BY THE TIME JAMES WILKINSON reached Washington, his enemies were waiting for him in force. Chief among them was Aaron Burr. At the time of his arrest, he exclaimed bitterly to Mississippi’s attorney general, “As to any projects or plans which may have been formed between General Wilkinson and myself heretofore, they are now completely frustrated by the perfidious conduct of Wilkinson, and the world must pronounce him a perfidious villain.” With the help of his daughter, Theodosia, and the wealthy Blennerhassett, a powerful legal team under the leadership of Edmund Randolph, George Washington’s attorney general, was assembled to defend Burr, their overt aim being to prove both Burr’s innocence and the general’s guilt.

“Our ground of defence is that Mr. Burr’s expedition was in concurrence with General Wilkinson, against the dominions of the king of Spain, in case of a war,” George Wickham, the most damaging of Burr’s counsel, stated bluntly. “If we prove that, at the time Wilkinson was pretending to favor Burr’s expedition . . . he was receiving a Spanish pension, this will explain his conduct. He defeated the enterprize of Burr by hatching a charge of treason against the United States, on purpose to serve the king whose money he was receiving!”

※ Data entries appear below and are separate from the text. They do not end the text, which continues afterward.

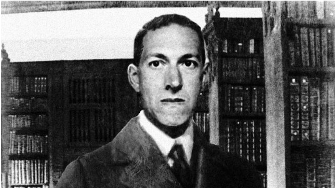
Imagen 2. Fotografía realizada a H.P. Lovecraft.

Podríamos nombrar a muchos autores del género del terror y el suspense en el mundo de las palabras sobre el papel, entre ellos dos de los más conocidos: Edgar Allan Poe y Lovecraft. Como dijo Lovecraft en la introducción de su libro El horror sobrenatural en la literatura : “La emoción más antigua y más intensa de la humanidad es el miedo, y el más antiguo y más intenso de los miedos es el miedo a lo desconocido”. No podía estar menos equivocado.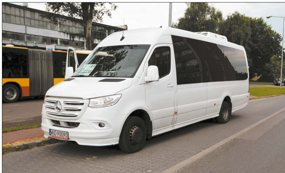
Powiat uruchamia kolejne bezpłatne połączenie autobusowe. Trasa nowej linii numer 10 P przebiega przez gminy Wieliszew i Nieporęt

Powiat Legionowski uruchamia bezpłatną linię autobusową nr 10 P, której trasa przebiega przez gminy Wieliszew i Nieporęt. To kolejny krok na drodze rozwoju powiatowych przewozów pasażerskich oraz ukłon w stronę uczniów i pracowników Liceum Ogólnokształcącego im. Stanisława Lema w Stanisławowie Pierwszym.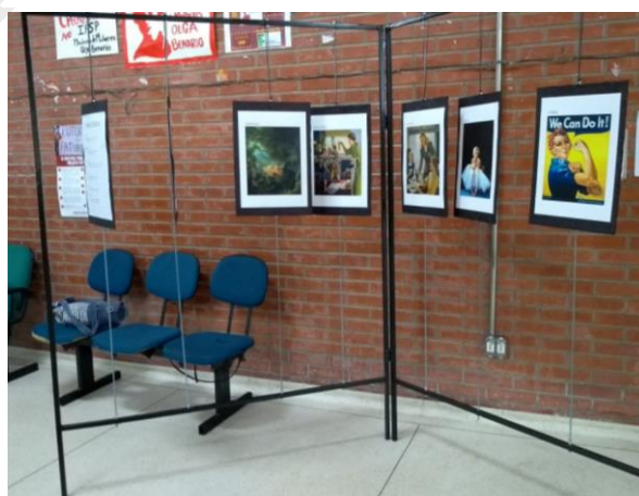
Figura 7: Mulher: Essência

A partir dessa etapa, para a concretização com obra artística própria, as duplas foram expostas em placas, com uma imagem em cada lado da mesma, de modo que para visualizar as duas, o espectador deveria interagir com a exposição e virar a placa.

Others were ready to provide corroborating detail. Even before his arrest, John Adair had pinned the blame for failure on Wilkinson. “Why, something would have been done if Wilkinson had not turned out a damned coward,” he declared on hearing the news from the Sabine River, “for if he had attacked the Spaniards, and the blood of one man had been spilt, the government could not have stopped the western people.” Arrested and shipped north as a prisoner by his former friend, Adair had immediately been released on a writ of habeas corpus and gladly supplied the defense with copies of Wilkinson’s numerous letters encouraging him to “come on” to Mexico.